But if this problem is patched in this very simple way in the kernel, then gdb
installations ``Just Work'' without even being recompiled.

Probably, the only way the gdb maintainers would accept another Linux-specific
hack would be if they didn't know that a kernel patch will fix it. :)

^ permalink raw reply	[flat|nested] 20+ messages in thread

* Re: main thread pthread_exit/sys_exit bug!
  2009-02-02 16:56       ` Oleg Nesterov
  2009-02-02 20:10         ` Kaz Kylheku
@ 2009-02-02 20:17         ` Ulrich Drepper
  2009-02-02 20:39           ` Kaz Kylheku
  2009-02-05  3:05         ` Roland McGrath
  2 siblings, 1 reply; 20+ messages in thread
From: Ulrich Drepper @ 2009-02-02 20:17 UTC (permalink / raw)
  To: Oleg Nesterov; +Cc: Kaz Kylheku, linux-kernel, Andrew Morton, Roland McGrath

-----BEGIN PGP SIGNED MESSAGE-----
Hash: SHA1

Oleg Nesterov wrote:
> I am worried this patch can confuse the user-space.

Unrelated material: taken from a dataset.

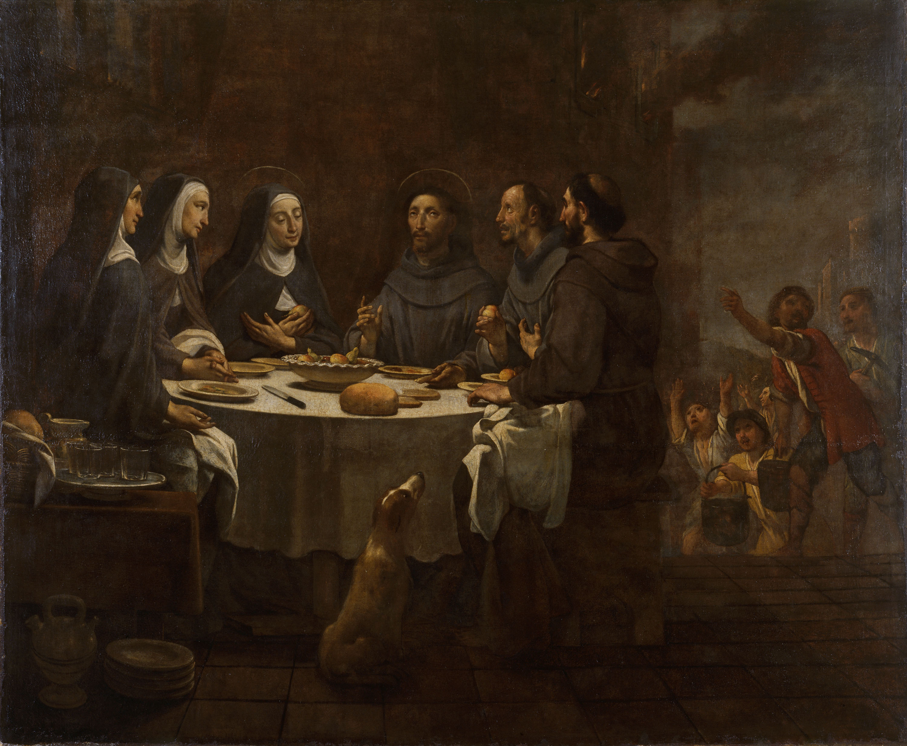Non è facile trovare altre opere con questo soggetto. In Toscana, si possono ricordare due dipinti del ‘600. Il primo, in ordine cronologico, è attribuito a Giovan Pietro Naldini (Settignano 1580 – Prato 1642) e si trova nel Museo Civico di Prato, indicato, con la consueta sottovalutazione della fonte letteraria, come La cena eucaristica di San Francesco e Santa Chiara. Proviene dall’altare del convento femminile di Santa Chiara in Calimala a Prato e, curiosamente, è realizzato su una tela da tovaglia. Sulla tavola imbandita si vedono vino, sale, uova, pane e salame. Il secondo dipinto si trova a San Miniato (Pisa), nel grande complesso francescano dedicato a San Francesco. Il refettorio conventuale conserva una grande tela del fiorentino Carlo Bambocci (1632-97), descritta nei testi come La cena di San Francesco e Santa Chiara (1691). Il dipinto più noto, tuttavia, si trova in Spagna, a Barcellona, esposto nel Museo Nazionale d’Arte di Catalogna con il titolo La cena di San Francesco e Santa Chiara nel convento di San Damiano (in realtà l’incontro, come sappiamo, avviene a Santa Maria degli Angeli). E’ opera di Antoni Viladomat (Barcellona 1678-1755) e fa parte di una serie di venti tele sulla vita di San Francesco, databili al 1729-33, provenienti dall’ex convento di San Francesco in Barcellona.

Because, when
> the main thread does sys_exit(), the user-space has all rights
> to assume it exits ;) But with this patch the main thread will
> continue to handle the signals until the while group exits, I'm
> afraid libpthread.so won't be happy.

I haven't looked at the patch nor tried it.

If the patch changes the behavior that the main thread, after calling
sys_exit, still react to signals sent to this thread or to the process
as a whole, then the patch is wrong.  The userlevel context of the
thread is not usable anymore.  It will have run all kinds of
destructors.  The current behavior is AFAIK that the main thread won't
react to any signal anymore.  That is absolutely required.

- --
➧ Ulrich Drepper ➧ Red Hat, Inc. ➧ 444 Castro St ➧ Mountain View, CA ❖
-----BEGIN PGP SIGNATURE-----
Version: GnuPG v1.4.9 (GNU/Linux)

iEYEARECAAYFAkmHVO8ACgkQ2ijCOnn/RHTJvwCgodxkT+mg0tmrnlhf/IP8hUQc
RYIAn0YC7pTjPHHZa7kmvYSyu/Zw5IIT
=ehdX
-----END PGP SIGNATURE-----

^ permalink raw reply	[flat|nested] 20+ messages in thread

* Re: main thread pthread_exit/sys_exit bug!
  2009-02-02 20:17         ` Ulrich Drepper
@ 2009-02-02 20:39           ` Kaz Kylheku
  2009-02-03  2:39             ` Kaz Kylheku
  0 siblings, 1 reply; 20+ messages in thread
From: Kaz Kylheku @ 2009-02-02 20:39 UTC (permalink / raw)
  To: Ulrich Drepper; +Cc: Oleg Nesterov, linux-kernel, Andrew Morton, Roland McGrath

On Mon, Feb 2, 2009 at 12:17 PM, Ulrich Drepper <drepper@redhat.com> wrote:
> The userlevel context of the
> thread is not usable anymore.  It will have run all kinds of
> destructors.  The current behavior is AFAIK that the main thread won't
> react to any signal anymore.  That is absolutely required.

Hey Ulrich,

Thanks for articulating that requirement. I think it can be met by
extending the patch a little bit. We can keep the main thread parked
inside sys_exit /and/ get it not to react to signals internally, yet
have the external behavior that the process reacts in the normal
way to certain signals like SIGTSTP, SIGCONT, etc.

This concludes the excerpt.